The Albian-Cenomanian Valle Formation is a marine molasse, which bears witness of the Mid-Cretaceous (Oregonian) Orogeny well documented elsewhere in Baja California (Rangin, 1982; Radelli, 1988a, 1988b). The Valle Formation is gently folded - as, for instance, in the huge antiform (plis de fond) of the Puerto Nuevo section. This phase of folding, that postdates the Oregonian one and predates the opening of the Miocene basins (cf. infra), corresponds by definition to the Laramide Orogeny. On the other hand, the Valle Formation is always detached from the underlying units along normal, and seemingly listric, faults. Most probably, these faults correspond to the Miocene extensional phase which opened the Upper Cainozoic basins of the Peninsula, and caused its pre-Liassic rocks to crop out in the three separate blocks of Tortuga-Eugenia, Sierra El Tigre-Sierra Placeres-Sierra Campo Nuevo, and Sierra La Pintada (FIGURE 2).
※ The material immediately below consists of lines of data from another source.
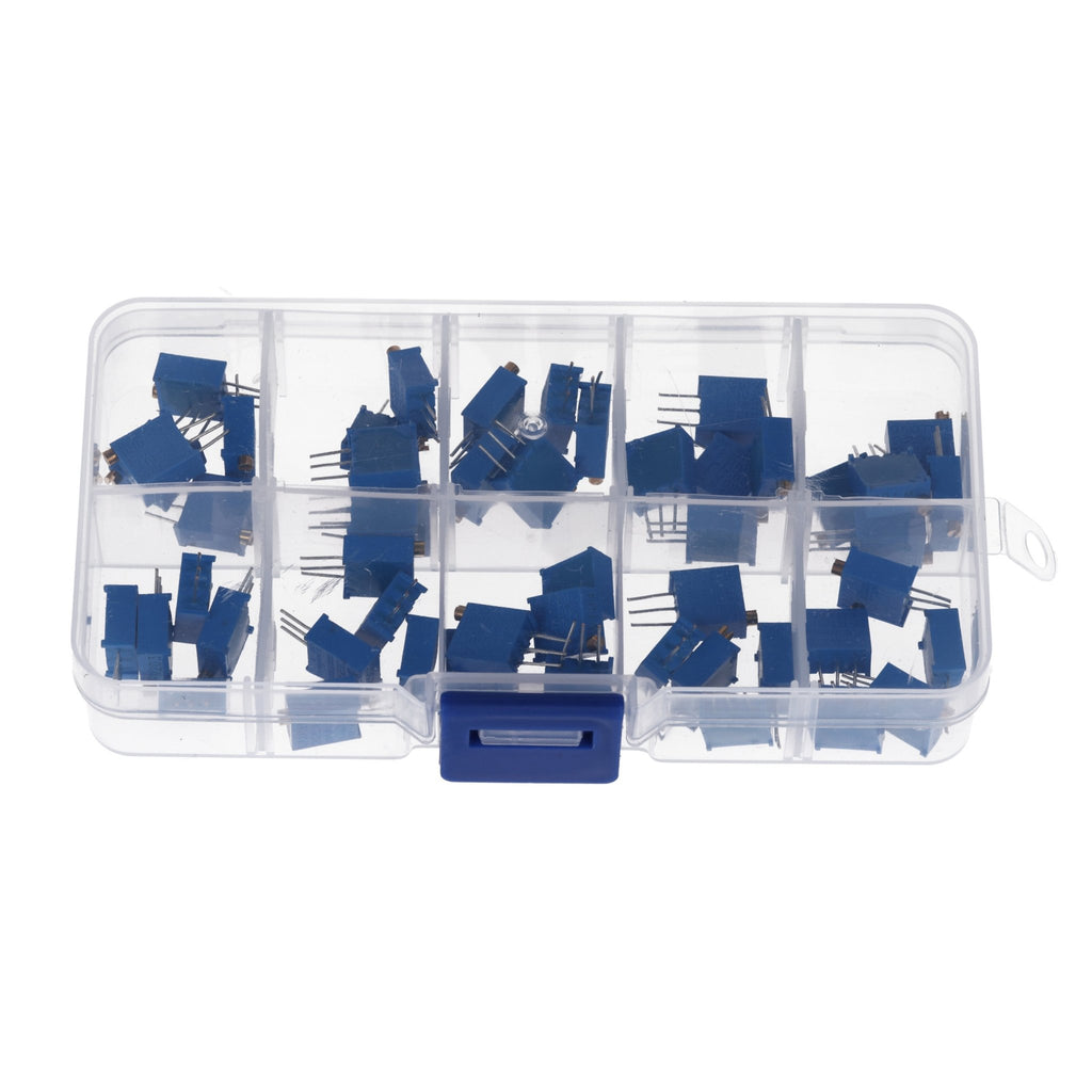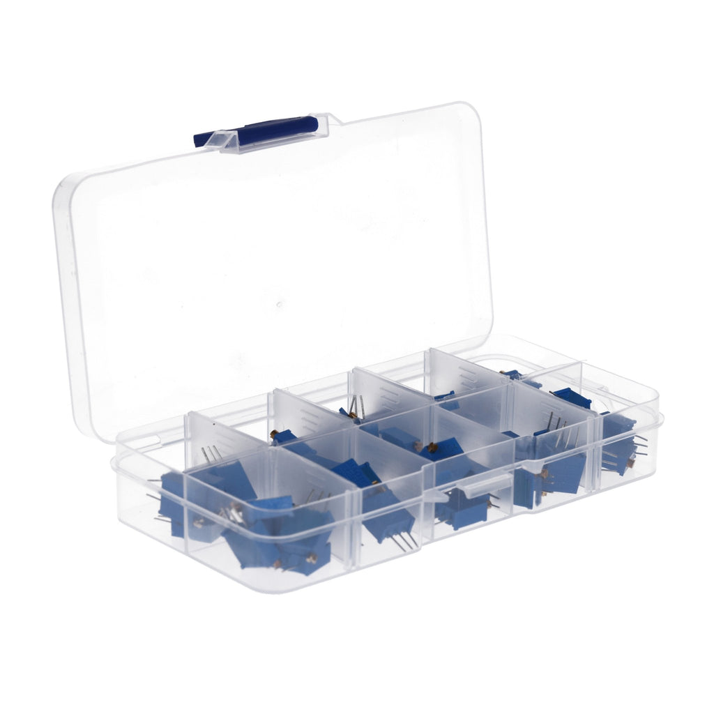 💼 Praktisches Sortiment – Enthält 60 Stück (je 5 pro Wert) der 3296W Trimmer Potentiometer, ordentlich sortiert in einer robusten Aufbewahrungsbox für einfachen Zugriff und sichere Lagerung.
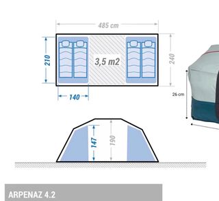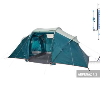 Tienda de campaña Arpenaz Family 4.2 con capacidad para 4 personas. - Dimensiones interiores: 210 cm (ancho) x 485 cm (largo). - Espacio habitable de 3,5 m2. - Altura máxima interior de 190 cm. - Dimensiones plegada: 26 cm. *las varillas de la tienda están todas nuevas, recién cambiadas *se vende por nueva tienda/ furgo
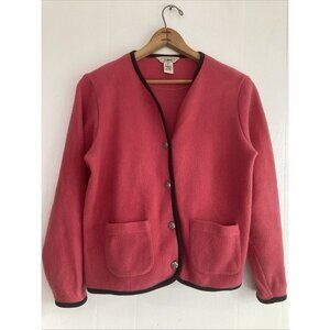 LL Bean Fleece Cardigan Shacket Berry Pink Buttons Pockets Sweater Sz Small
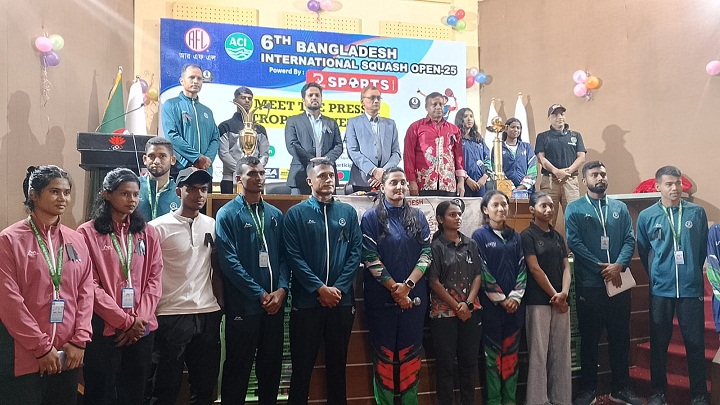 নিজস্ব প্রতিবেদক: বাংলাদেশ স্কোয়াশ ফেডারেশন আয়োজিত জোড়া আন্তর্জাতিক স্কোয়াশ প্রতিযোগিতার “ট্রফি” উন্মোচিত হয়েছে। বৃহস্পতিবার (২৪ জুলাই ২০২৫ ইং) বাংলাদেশ অলিম্পিক এসোসিয়েশনের অডিটোরিয়ামে অনুষ্ঠিত হ’ল আরএফএল ও এসিআই পৃষ্ঠপোষকতায় আন্তর্জাতিক স্কোয়াশ
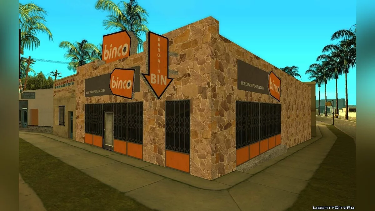 HUS LS Binco (GTA V to SA) Теперь в Лос-Сантосе будет магазин Binco из GTA 5. Модификация заменяет старый магазин. Найти его можно возле спортзала. Особенности: - Качественные текстуры; - Новые объекты; - Версия SA; - Версия для RoSA Project Reb...
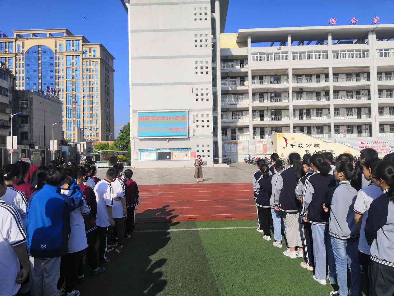 ~ 活动中,八(2)班围绕“科学减灾,依法应对”这一主题,详细说明了地震的危害性以及应对措施,并告诉同学们不仅自身要懂得如何避险,还要将自己学会的防震知识传授给家人,让家人也学会当地震来临时如何自救。
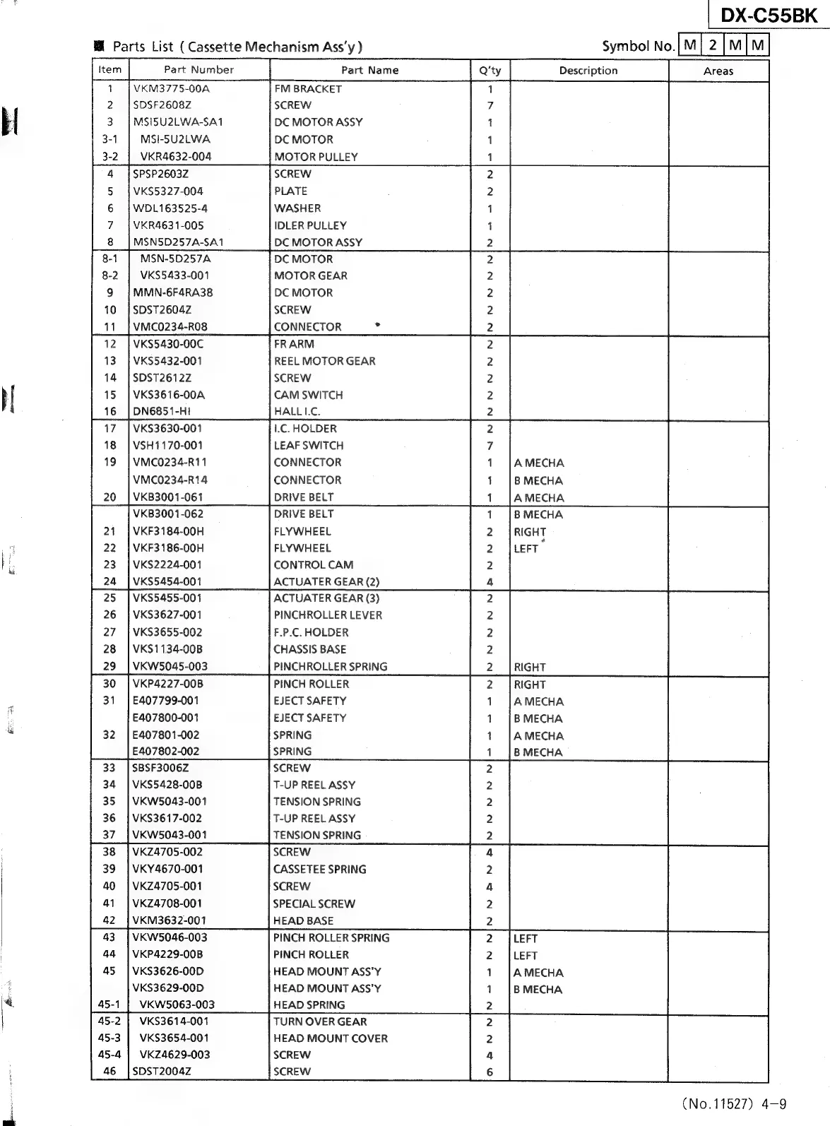 JVC CA-C55BK - Parts List - Cassette Mechanism Assy
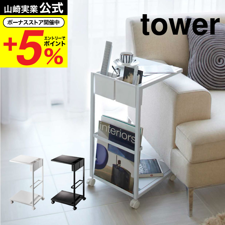山崎実業 tower サイドテーブルワゴン タワー インテリア 公式 ホワイト/ブラック 7155 7156 送料無料 ベッドサイドテーブル ローテーブル
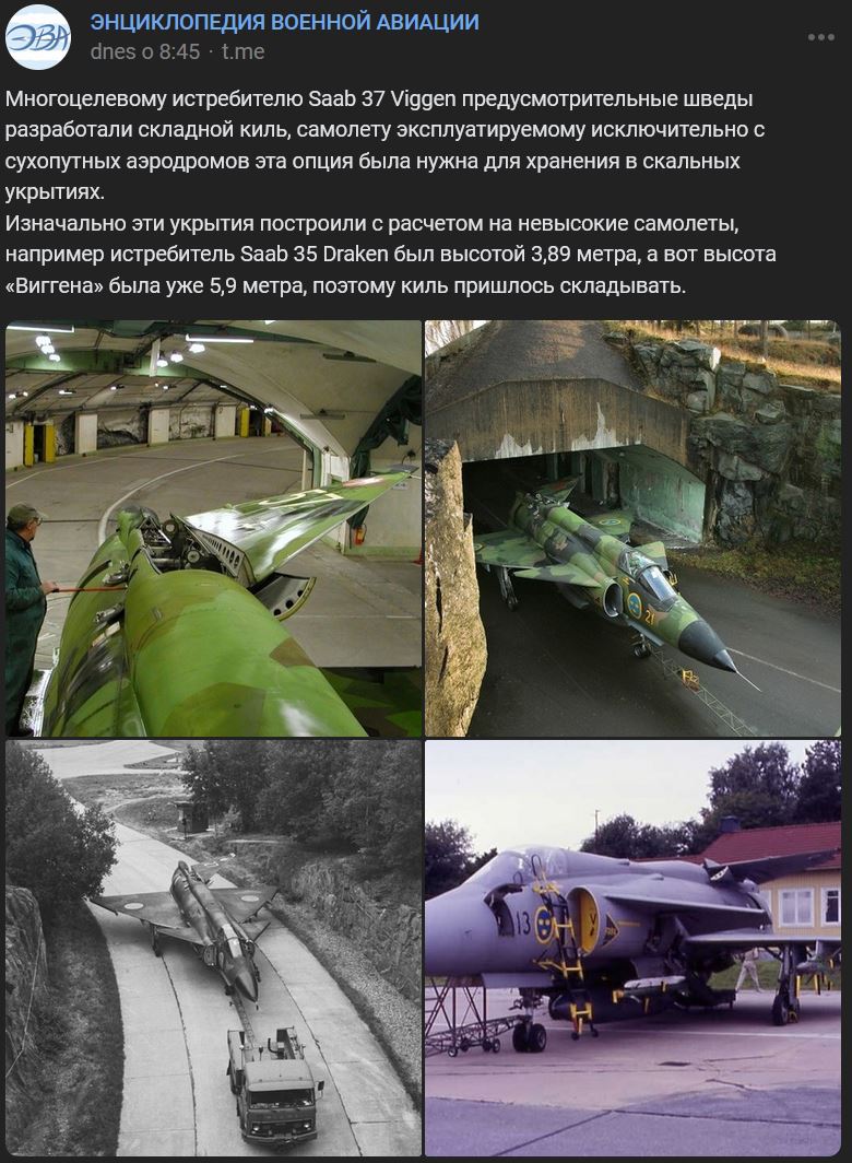 Pre viacúčelové stíhacie lietadlo Saab 37 Viggen vyvinuli obozretní Švédi skladací kýl (kormidlovka), lietadlo operovalo výlučne z pozemných letísk, táto možnosť bola potrebná pre skladovanie v skalných úkrytoch. Spočiatku sa tieto úkryty stavali s predpokladom nízkych lietadiel, napríklad lietadlo Saab 35 Draken bolo vysoké 3,89 metra, ale Viggen už mal výšku 5,9 metra, takže kýl musel byť sklopný.
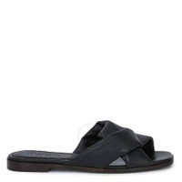 Ferragamo Ladies Slippers. SKU: 01F161 760881. Color: Black. Ferragamo Black Alrai Crossover-Strap Nappa Slides. The Alrai sandals from Ferragamo are crafted from luxurious super-soft lambskin nappa. They feature a knotted origami-style band, a padded insole, and a leather outsole. Made in Italy. Please visit the brand website for sizing information. INFORMATION Brand: Ferragamo Model: 01F161 760881 Gender: Womens DETAILS Category: Slippers Shoe Style: Slides Shoe Style: Slides Color: Black Shoe Vamp Style: Slip-on Upper Material: Lambskin Nappa Heel Size: 1 cm ADDITIONAL INFO Jomashop Sku: -01F161760881 Department: Shoes
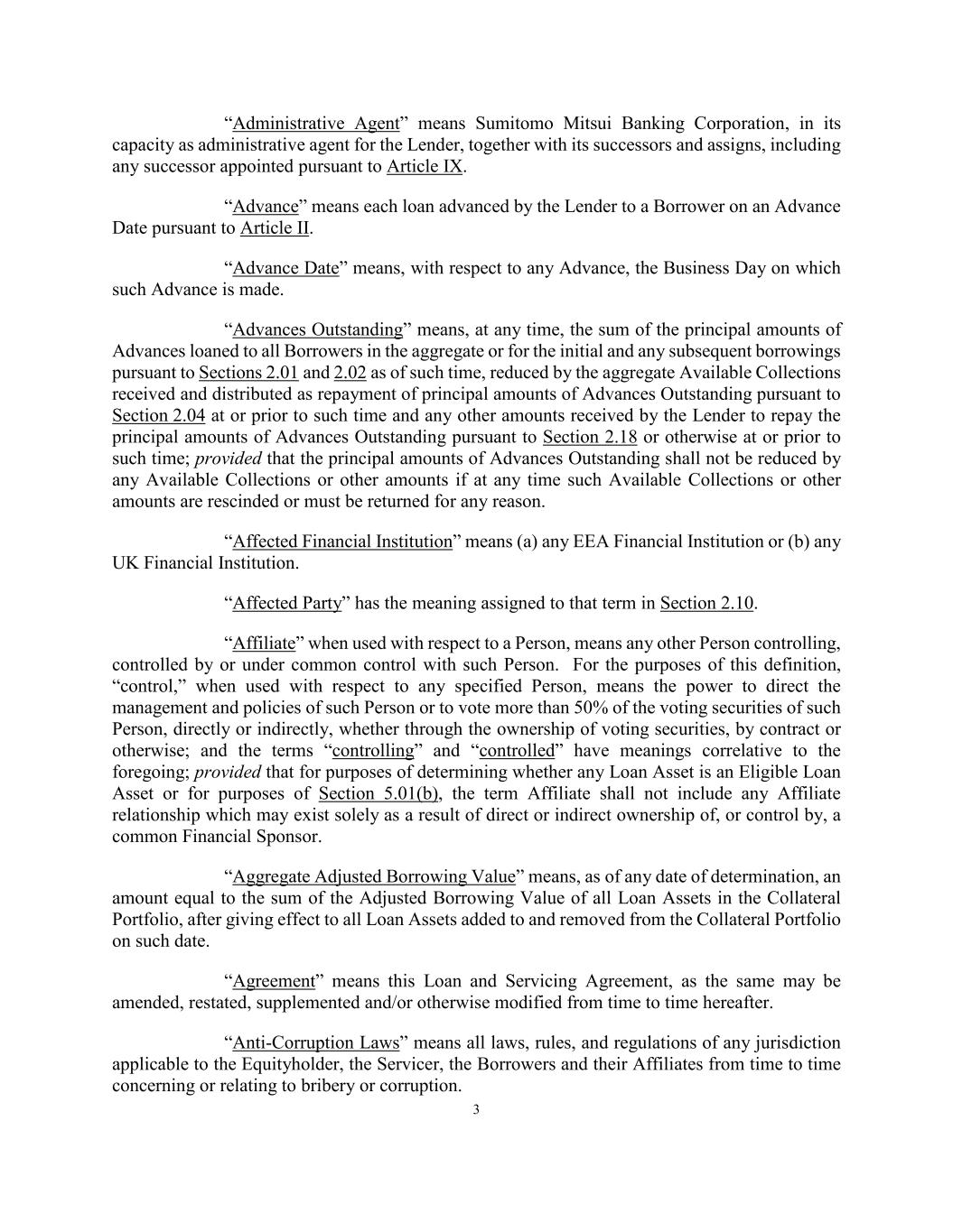 3 “Administrative Agent” means Sumitomo Mitsui Banking Corporation, in its capacity as administrative agent for the Lender, together with its successors and assigns, including any successor appointed pursuant to Article IX. “Advance” means each loan advanced by the Lender to a Borrower on an Advance Date pursuant to Article II. “Advance Date” means, with respect to any Advance, the Business Day on which such Advance is made. “Advances Outstanding” means, at any time, the sum of the principal amounts of Advances loaned to all Borrowers in the aggregate or for the initial and any subsequent borrowings pursuant to Sections 2.01 and 2.02 as of such time, reduced by the aggregate Available Collections received and distributed as repayment of principal amounts of Advances Outstanding pursuant to Section 2.04 at or prior to such time and any other amounts received by the Lender to repay the principal amounts of Advances Outstanding pursuant to Section 2.18 or otherwise at or prior to such time; provided that the principal amounts of Advances Outstanding shall not be reduced by any Available Collections or other amounts if at any time such Available Collections or other amounts are rescinded or must be returned for any reason. “Affected Financial Institution” means (a) any EEA Financial Institution or (b) any UK Financial Institution. “Affected Party” has the meaning assigned to that term in Section 2.10. “Affiliate” when used with respect to a Person, means any other Person controlling, controlled by or under common control with such Person. For the purposes of this definition, “control,” when used with respect to any specified Person, means the power to direct the management and policies of such Person or to vote more than 50% of the voting securities of such Person, directly or indirectly, whether through the ownership of voting securities, by contract or otherwise; and the terms “controlling” and “controlled” have meanings correlative to the foregoing; provided that for purposes of determining whether any Loan Asset is an Eligible Loan Asset or for purposes of Section 5.01(b), the term Affiliate shall not include any Affiliate relationship which may exist solely as a result of direct or indirect ownership of, or control by, a common Financial Sponsor. “Aggregate Adjusted Borrowing Value” means, as of any date of determination, an amount equal to the sum of the Adjusted Borrowing Value of all Loan Assets in the Collateral Portfolio, after giving effect to all Loan Assets added to and removed from the Collateral Portfolio on such date. “Agreement” means this Loan and Servicing Agreement, as the same may be amended, restated, supplemented and/or otherwise modified from time to time hereafter. “Anti-Corruption Laws” means all laws, rules, and regulations of any jurisdiction applicable to the Equityholder, the Servicer, the Borrowers and their Affiliates from time to time concerning or relating to bribery or corruption.

TECTONICS OF THE PRE-LIASSIC UNITS

San Hipolito Zone
San Hipolito Nappe

The Upper Triassic sequence of the San Hipolito was accumulated within a marginal sea, with a partly “oceanic” floor, from which derived its ophiolitic facies. Therefore, in sound tectonic terms, the San Hipolito ought to be considered, and dealt with, rather than as a formation, as a zone - the San Hipolito Zone.

The San Hipolito is always strongly, and often isoclinally, folded, cleavaged, and sheared. It rests (FIGURES 2, 3, 4, 14, 15, 16), always with a well defined tectonic contact, upon everyone of the units (peridotites, cyclic units with gabbros) of the Puerto Nuevo Sequence, including the Serpentinite Breccia, as well as upon the boudinaged dykes of Upper Triassic Plagiogranite as in Arroyo San Cristobal (FIGURES 18 and 19). On the other hand - and this is important - a San Hipolito dyke complex occurs only locally, showing always a tectonic relationship with the underlain Puerto Nuevo sequence.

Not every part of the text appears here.